Season crawfish tails and catfish with blackening seasoning. Make sure to season both sides of catfish.
Assemble the Packets: Tear off 4 squares of parchment that are at least 12 inches on each side. Lay the sheet flat on a work surface. Place equal parts of onions in the center of a sheet, leaving space at the top and bottom. On top of the onions, place 1 fish filet so that it runs vertically from top to bottom. Lightly sprinkle the fish with blackening seasoning, a few very thin slices of lemons and olive oil. Top with equal amounts of potatoes, asparagus, corn, garlic, mushrooms and fresh herbs.

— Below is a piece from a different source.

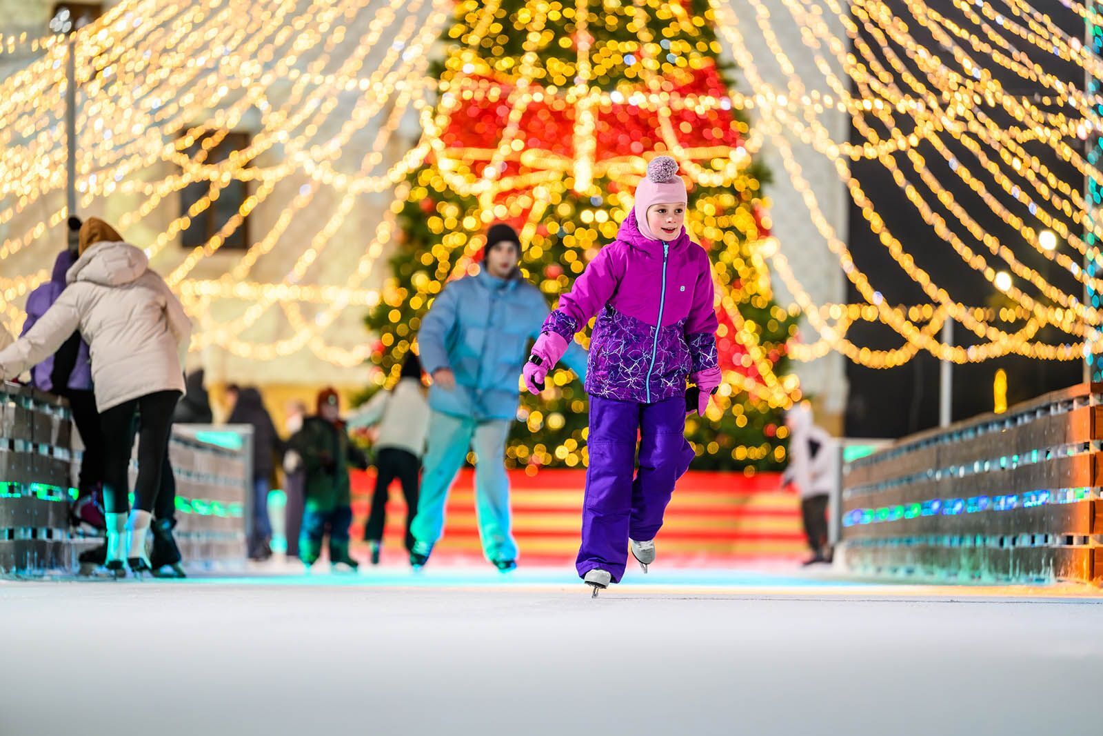 Каток превращается в кинотеатр под открытым небом, где показывают советские новогодние картины «Снегурочка», «Морозко», «Карнавал», «Приключения Маши и Вити» и многие другие. В эти дни профессиональные фигуристы проведут мастерклассы, а на фудкортах можно будет согреться традиционными зимними напитками и угощениями. Для тех, кто не захватил коньки, работает пункт проката.

Fold the Parchment Packets: Lift the right and left sides of the paper up and towards the center, directly above the fish. Touch the two sides together and tightly roll them, folding as you go, until you reach the fish. Now, roll and crimp the top and bottom ends, rolling them towards the counter, away from the center of the fish. When you reach the end, tuck the end underneath the fish. Place the packet on a rimmed baking sheet, using the weight of the fish to hold the ends in place (you don’t want the packet to come unsealed as it bakes). Repeat with the remaining three packets.
Place in the oven and bake for 12 to 15 minutes, until the fish is fully cooked through and flakes easily with a fork. Serve warm with a squeeze of lemon juice and basil leaves as desired.